**DATASET SECTION:**
· · · ·

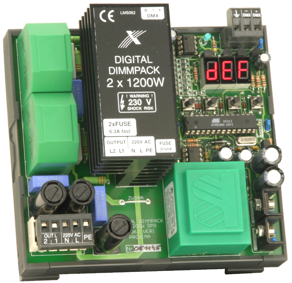 built-in noise suppression circuit, control lights for input signals and fuse blow - control input: DMX-512
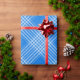 Regalo Papel de ajuste en blanco y azul de Gingham
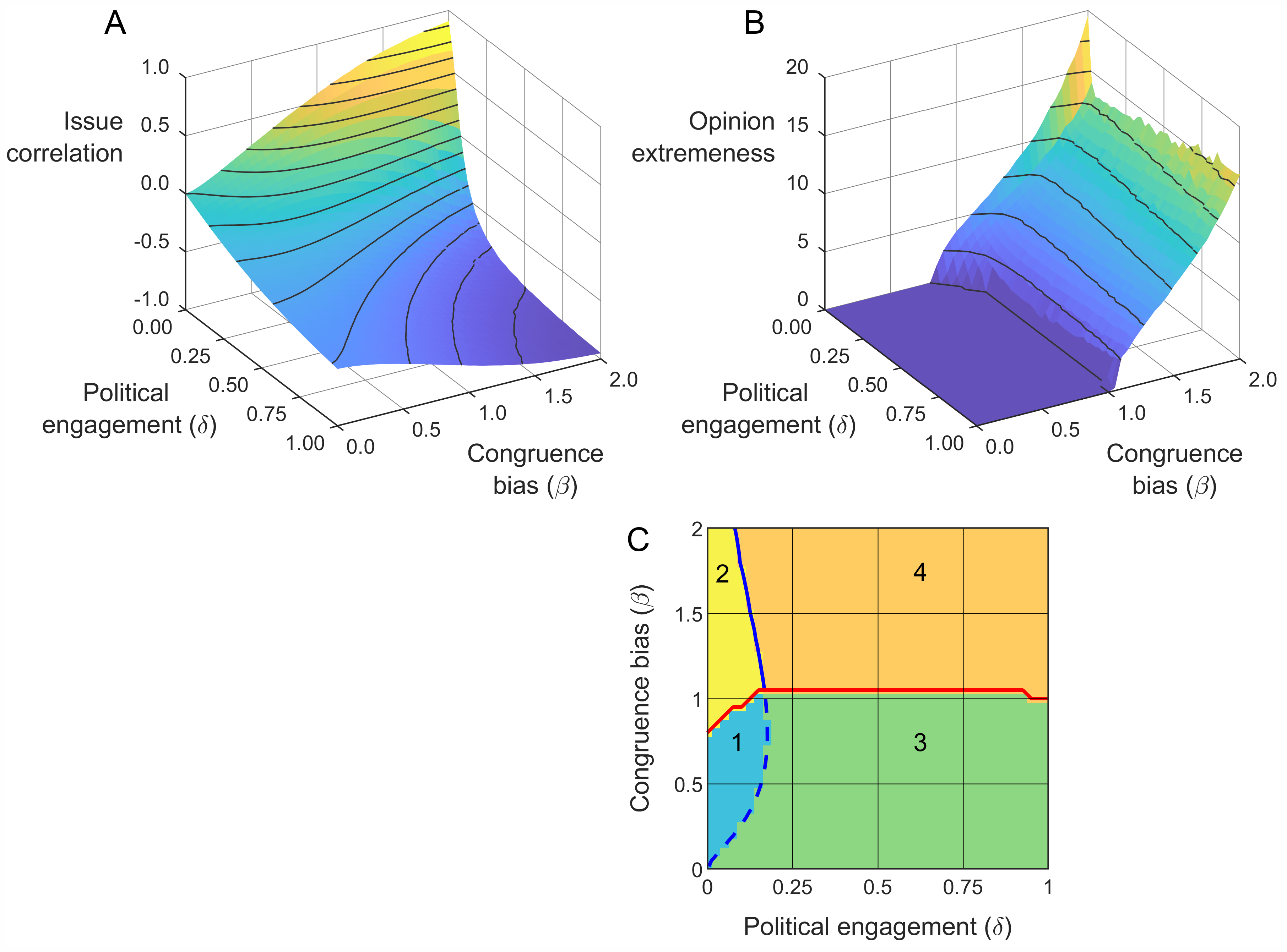 Figure 3 details how congruence bias and political engagement determine the system’s emergent properties. Panels A and B present sensitivity analyses for issue correlation and opinion extremeness, while Panel C maps equilibrium types across the parameter space.

· · · ·

For this exercise, retype the listing above word for word and omit the pictures.

**PROBLEM SOLUTION:**
 built-in noise suppression circuit, control lights for input signals and fuse blow - control input: DMX-512
 Regalo Papel de ajuste en blanco y azul de Gingham
 Figure 3 details how congruence bias and political engagement determine the system’s emergent properties. Panels A and B present sensitivity analyses for issue correlation and opinion extremeness, while Panel C maps equilibrium types across the parameter space.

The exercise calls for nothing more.